The ruins were interesting and the view from the top was lovely—lush green fields stretching out below, and the white-washed village of Aljezur nestled peacefully in the valley.
Fortunately, our route didn’t take us back down that treacherous cobblestone. Descending the same way would’ve been an entirely different kind of adventure.
We went from that crazy cobblestone climb to cruising sweet, less-traveled, wide, paved roads down to the coast, stopping for coffee and snacks in a small surf village.
After pedaling through the charming village of Arrifana, we followed a pristine gravel path that wound through a quiet forest and eventually opened to the stunning coast. Our lunch spot awaited us on a seaside cliff, perched above the ruins of an ancient Islamic fishing village dating back to the 12th and 13th centuries.
Our lunch times were drifting later and later into the afternoons. To emphasize the freshness of the day’s catch, our waiter brought “a portion” of it straight to the table—huge half fish in hand. Famished, I went all in on a decadent seafood pasta, which I devoured almost as quickly as it arrived.
Much to my delight, our next stop was a surf beach in Carrapateira.
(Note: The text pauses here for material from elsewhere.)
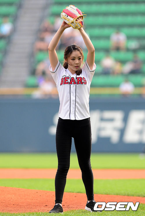 5일 오후 서울 잠실구장에서 열린 '2013 한국야쿠르트 세븐 프로야구' 두산 베어스와 삼성 라이온즈의 경기 시작 전 신수지가 시구를 하고 있다.

Even though we only had half an hour to play in the waves—and it had been years since I last surfed—I couldn’t resist. I rented a wetsuit and a board and jumped right in, and managed to get up on my first wave. Yes, I was a bit of a “kook” after all these years, but I had a blast, and the water wasn’t nearly as cold as I’d expected.
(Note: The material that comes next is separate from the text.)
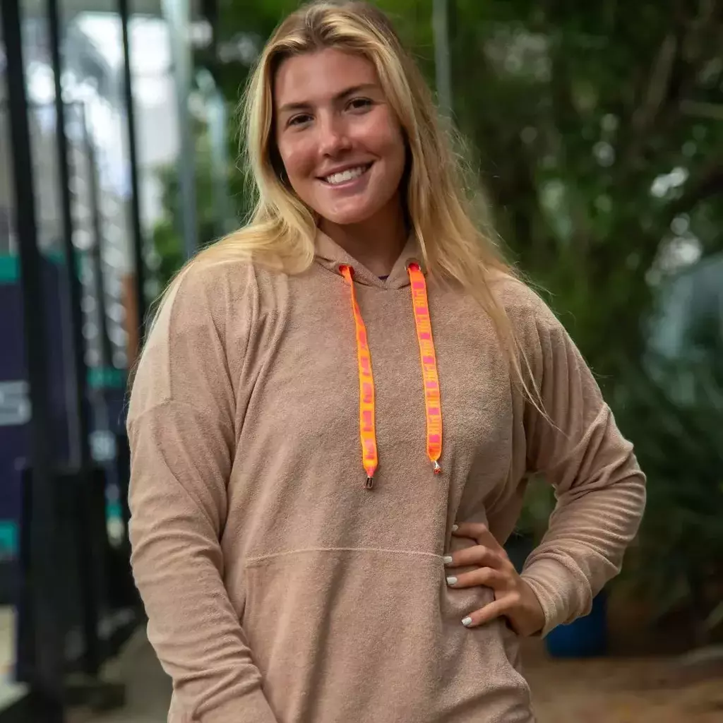Versátil, pode ser usado o ano inteiro — seja nas manhãs mais fresquinhas, no fim de tarde ou até como sobreposição nos looks urbanos. O capuz com cordão colorido dá um charme extra e o bolso canguru adiciona praticidade ao visual.

With 30 miles covered, we still had 8 cross-country miles to go before reaching our lodging for the night.
Saving the best for last, we charged along winding singletrack, through wildflower-strewn fields and splashy water crossings—an exhilarating finish to the day. Our reward? Cozy countryside accommodations and a well-earned dinner at the “Inn’s” welcoming restaurant.
What a day! Any portion of it would have been incredible on its own — but packing all that fun into a single day? Next level. From exploring castle ruins and cruising through coastal villages to riding cross-country through quiet forest trails, enjoying a decadent seaside lunch above ancient ruins, sneaking in an afternoon surf session, and capping it all off with a sunset mountain bike style ride through the countryside, followed by a fantastic dinner — oh my! Top Bike Tours Portugal delivers one epic day after another!
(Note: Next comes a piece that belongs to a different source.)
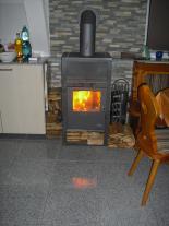 Die Beheizung erfolgt mittels einem Schwedenofen (Brennholz vor Ort) mit Panorama-Glasscheibe oder

After a solid night’s sleep and another heavenly breakfast buffet, we hit the road for biking day 3 with Top Bike Tours Portugal.
We rolled through peaceful countryside and farmland on a mix of paved roads and dusty trails.
After huffing our way up a steep cobblestone hill —legs burning (well, those of us on regular bikes that is), spirits high—we were rewarded with a surprise at the top: a cluster of unlikely expats appearing like a mirage. Apparently, residents of the Safari Lodge Kuanza.
Our next surprise was a private tour of the legendary “Queen of Fado”, Amália Rodrigues’ spectacular cliffside estate. Telmo casually tapped in the code at the remote entrance gate and guided us in. Privileged!
Amália wasn’t just a singer; she was a force of nature. A poet, lyricist, actress, and Portugal’s most iconic voice, she poured raw emotion into every note of Lisbon’s soulful folk music. Her songs of longing and love captivated not just Portugal but the entire world, earning her accolades and honors from every corner of the globe.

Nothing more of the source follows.